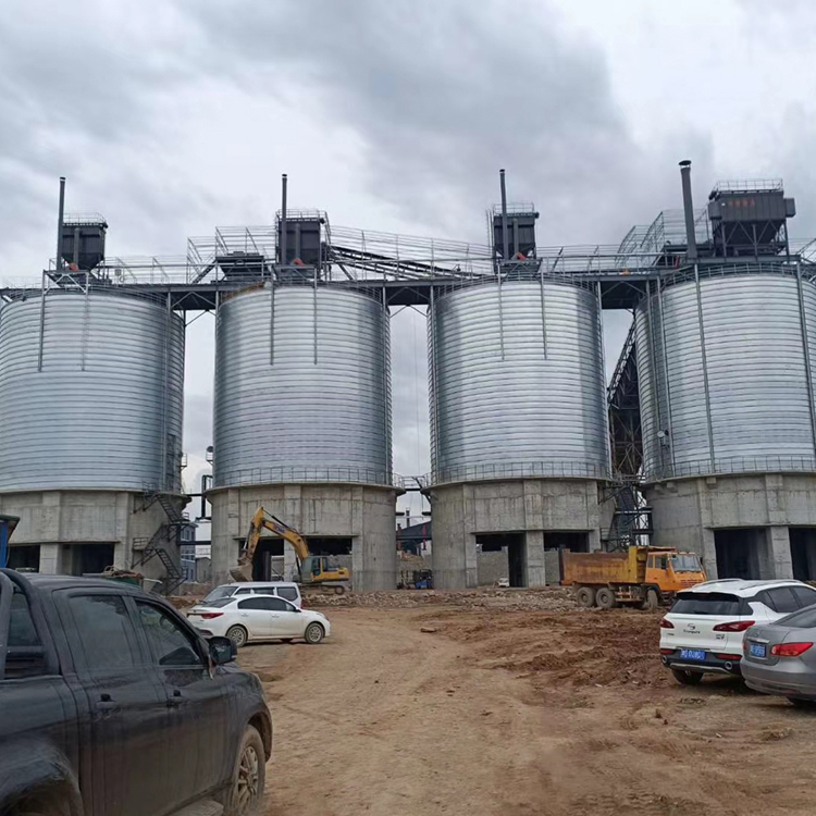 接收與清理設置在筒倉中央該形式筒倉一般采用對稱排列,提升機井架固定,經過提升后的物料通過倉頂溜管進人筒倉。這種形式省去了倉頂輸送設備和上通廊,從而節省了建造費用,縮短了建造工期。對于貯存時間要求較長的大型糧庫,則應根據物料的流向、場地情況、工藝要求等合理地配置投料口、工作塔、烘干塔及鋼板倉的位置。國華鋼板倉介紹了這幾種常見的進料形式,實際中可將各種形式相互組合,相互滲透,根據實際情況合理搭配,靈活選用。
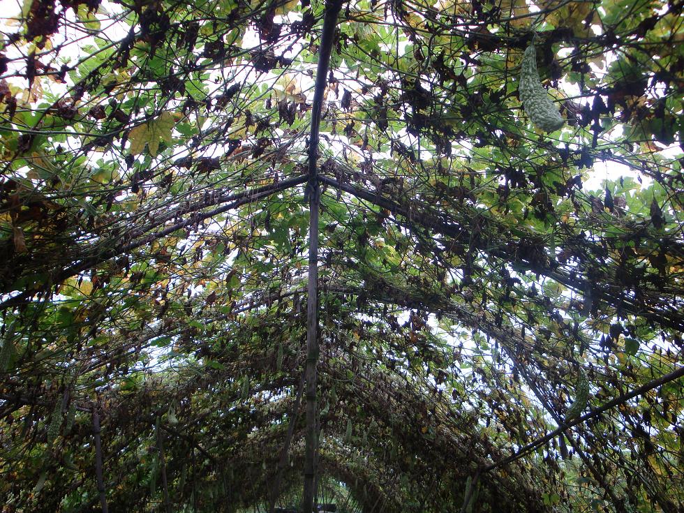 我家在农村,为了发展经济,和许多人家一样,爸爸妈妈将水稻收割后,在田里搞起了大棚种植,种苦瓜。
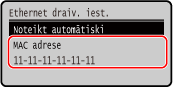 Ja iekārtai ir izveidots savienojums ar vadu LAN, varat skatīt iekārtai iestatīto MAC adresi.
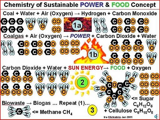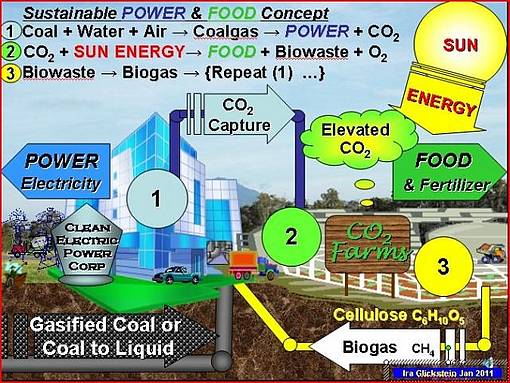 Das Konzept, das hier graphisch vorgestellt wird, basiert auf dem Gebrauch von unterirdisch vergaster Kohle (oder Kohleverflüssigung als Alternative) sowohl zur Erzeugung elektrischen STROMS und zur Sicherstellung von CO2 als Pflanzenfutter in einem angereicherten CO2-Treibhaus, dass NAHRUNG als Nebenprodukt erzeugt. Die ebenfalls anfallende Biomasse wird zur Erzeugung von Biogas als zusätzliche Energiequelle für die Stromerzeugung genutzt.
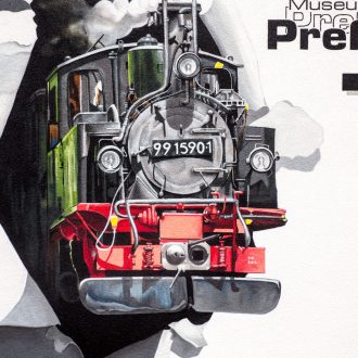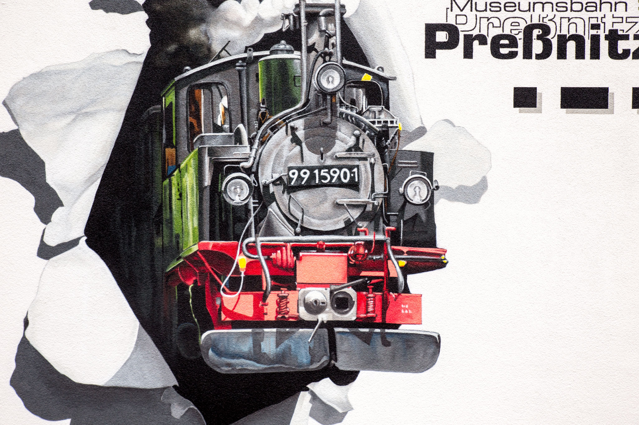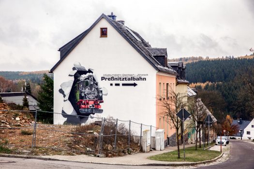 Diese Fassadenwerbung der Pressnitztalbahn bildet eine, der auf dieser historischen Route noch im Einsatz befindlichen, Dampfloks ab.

-*-

● **Problem to work on**
With all pictures omitted, repeat every record above word for word.

● **Result of this task**
 接收與清理設置在筒倉中央該形式筒倉一般采用對稱排列,提升機井架固定,經過提升后的物料通過倉頂溜管進人筒倉。這種形式省去了倉頂輸送設備和上通廊,從而節省了建造費用,縮短了建造工期。對于貯存時間要求較長的大型糧庫,則應根據物料的流向、場地情況、工藝要求等合理地配置投料口、工作塔、烘干塔及鋼板倉的位置。國華鋼板倉介紹了這幾種常見的進料形式,實際中可將各種形式相互組合,相互滲透,根據實際情況合理搭配,靈活選用。
 我家在农村,为了发展经济,和许多人家一样,爸爸妈妈将水稻收割后,在田里搞起了大棚种植,种苦瓜。
 Ja iekārtai ir izveidots savienojums ar vadu LAN, varat skatīt iekārtai iestatīto MAC adresi.
 Das Konzept, das hier graphisch vorgestellt wird, basiert auf dem Gebrauch von unterirdisch vergaster Kohle (oder Kohleverflüssigung als Alternative) sowohl zur Erzeugung elektrischen STROMS und zur Sicherstellung von CO2 als Pflanzenfutter in einem angereicherten CO2-Treibhaus, dass NAHRUNG als Nebenprodukt erzeugt. Die ebenfalls anfallende Biomasse wird zur Erzeugung von Biogas als zusätzliche Energiequelle für die Stromerzeugung genutzt.
 Diese Fassadenwerbung der Pressnitztalbahn bildet eine, der auf dieser historischen Route noch im Einsatz befindlichen, Dampfloks ab.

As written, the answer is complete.